How to IPEDS, Part II

This will be the second part of a series of blogposts about how to use IPEDS, The Integrated Postsecondary Education Data System of the federal government. If you're just starting, I highly recommend you go to the first post to bring yourself up to speed on the basics. If you don't, some of this might not make sense.

In that post, I covered several of the ways you can extract simple tables of data for a single year or a single institution; or summary data, including fairly basic and interactive charts when you're looking for something simple. In this one, I'll go over how to extract custom data over multiple years, and then walk you through the frustrating process of making sense of the output.
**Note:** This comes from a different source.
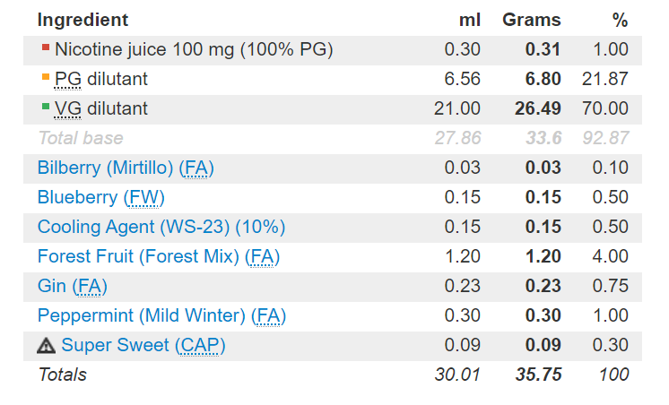 в итоге сделал 100 мл sweet blend с INW black cherry, purilum boysenberrу, и стандартный микс кулера и свитнера я у мамы нэсти джус

Warning: I get a bit cranky about this, because the data formats are largely unchanged since I started doing this perhaps 20 years ago, and they create far more work for the end user than they should.
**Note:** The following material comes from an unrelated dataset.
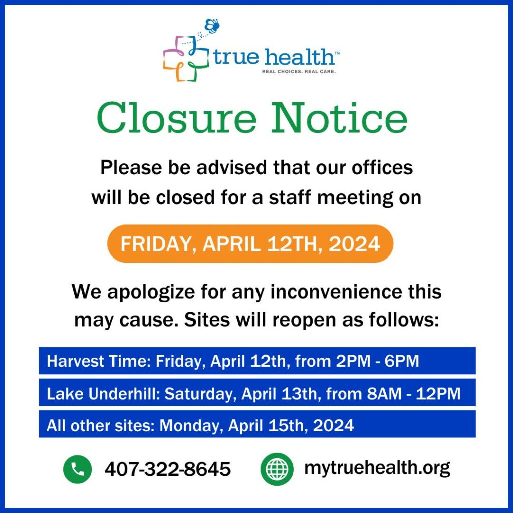 MILTON UPDATE: True Health locations will resume normal operations on Friday, October 11th, EXCEPT at our Airport, Hoffner, and Lake Underhill locations. Patients with appointments at our closed locations will […]

The last post covered the options in italics. This one will cover the options in bold.

Data Explorer
Publications and Products
Data Trends
Look Up an Institution
Statistical Tables
Data Feedback Report
Summary Tables

Custom Data Files
Compare Institutions
Complete Data Files
Access Database

Custom Data files is a fairly easy way to get the data you want for a single year. In this example, I've used EZ Group to select all institutions (again, larger selections are better because it's easy to remove but harder to add), and clicked "Institutions" and then the "Select All" button. It looks like this.

Click the "Continue" tab, and choose "csv" as your download option.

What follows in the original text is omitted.